I had 4samples(R1-R4) with 3replicates each, so that's 12 PE fastqs
R1= A1 A2 A3;
R2= B1 B2 B3;
R3= C1 C2 C3;
R4= D1 D2 D3

These were the steps I ran:
1. Tophat / Cufflinks for each fq.(get 12 BAMS + 12 transcript.gtf)
2. Cuffmerge to create merged.gtf.
3. Cuffquant to create cxb.(each BAM vs merged.gtf, get 12 abundance.cxb)
4. Cuffnorm with cxb and sample_sheet.
And got (TableA1)
I repeated step4, this time I treated replicates as individual samples.
And got (TableA2)

So now it seems cuffnorm re-arranged some of the columns, but FPKM values are the same.
Since this run was performed on a cluster where I had no root-rights, I used a pre-compiled version of cufflinks-2.2.0.

I then moved to our local server(with root-rights) and built cufflinks-2.2.0 from source.
I used the same reference/cxb/merged.gtf files to rerun cuffnorm with the same parameters above. And got (TableB1) and (TableB2)
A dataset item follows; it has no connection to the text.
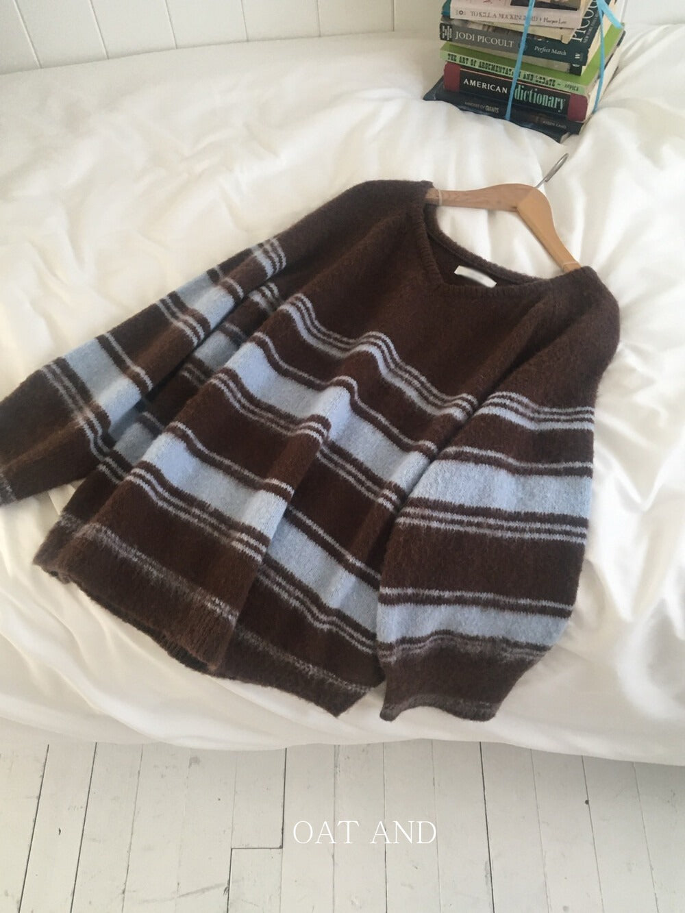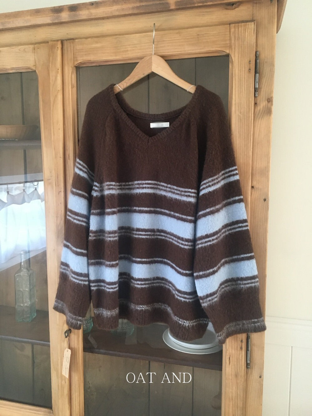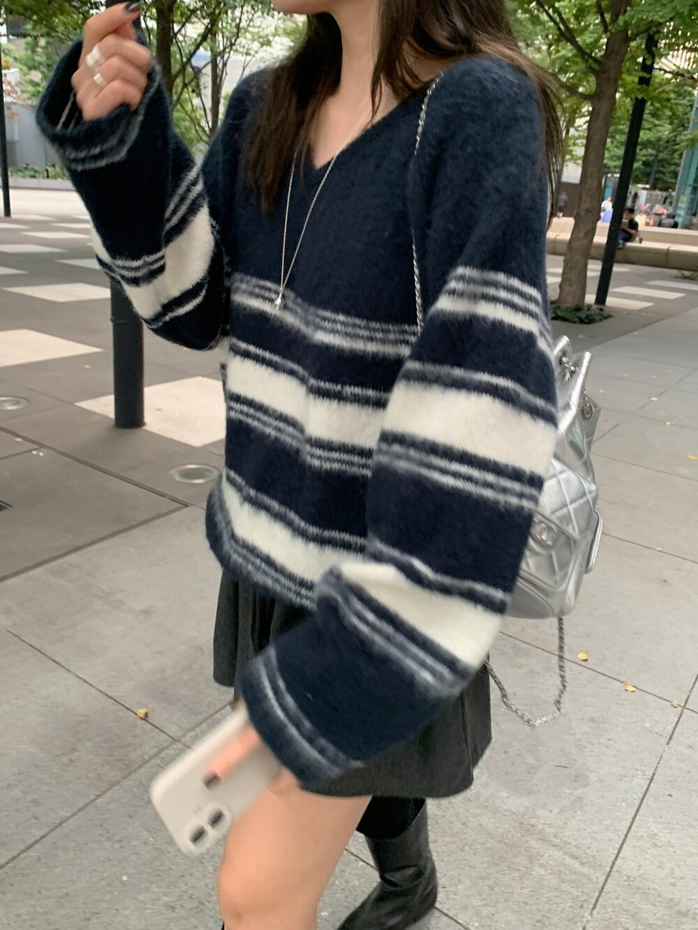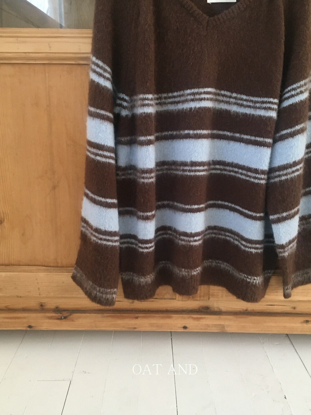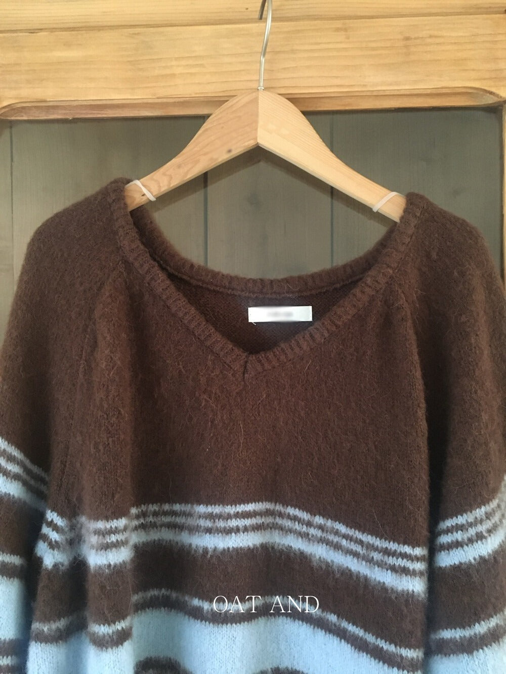 V領撞色條紋細節毛衣
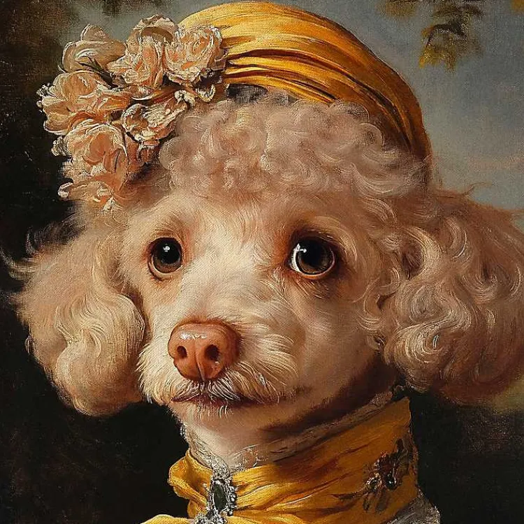Add a touch of regal charm to your home with our Lady Rosaline Ruffleton Framed Art Print! It’s perfect for dog lovers…

To simplify things, all the tables where produced using '$> head genes.fpkm_table'. I also uploaded the "samples.table" of each run.
Seems to me that Tables A2 and B2 agree with each other, but obviously something's wrong with Tables A1 and B2.

Another thing I noticed : The pre-compiled version goes with SVN revision 4223, but the one I built from source is SVN revision 4222.

I wonder if anyone else has run into this problem?